Having this “high calling," as Christ's disciple, shall I throw away any portion of my existence upon miserable complaints, mean passions, or disgraceful projects? Shall I defile my inheritance, by degrading myself? No: beneath the rags that cover, the disguise that conceals me, I will let some glimpses of my grandeur appear; exalted as I am by the Gospel, enabled to love God, and to follow whither He leads, I will not stoop from this height-I will not cast my sceptre in the dust-I will not drag my crown in the mire-I will neglect nothing, in order to render myself less unworthy of that God who hath honoured me by such a revelation.

These sentiments I have pleasure in believing yours.
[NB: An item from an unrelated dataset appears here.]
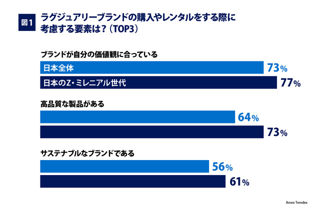 日本ではラグジュアリーアイテムの購入やレンタルをする際に考慮する要素TOP3として、「ブランドが自分の価値観に合っている(73%)」、「高品質な製品である(64%)」、「サステナブルなブランドである(56%)」となっており、特にZ世代・ミレニアル世代では、その傾向がより強いことが分かりました。【図1】

When I perceive how the Gospel esteems its professors, and how it studies to exalt them, it seems to me that there is nothing overcharged in the glowing images under which the Daniels and Isaiahs of old represented the evangelical times; I can conceive the extacy of Simeon, the desire of angels themselves to fathom this amazing abyss of love: looking upon man in the view which I have been displaying, he rises immeasurably in my esteem; I prostrate myself in admiration of the revelation vouchsafed to him; on my knees I bless my God and my Redeemer; I feel in the very bottom of my soul, the sacred want of loving and serving them—and I rise proud of being A CHRISTIAN !

III. We have not yet seen the full extent of the bounties of the Lord, or the blessings of Christianity. “THE LORD HATH COMFORTED HIS PEOPLE, AND WILL HAVE MERCY UPON HIS AFFLICTED:" there is “ balm in Gilead,” and Christ has poured it upon the wounds of his followers: he has provided for their natural distresses, he has healed the intenser sufferings of their guilty consciences.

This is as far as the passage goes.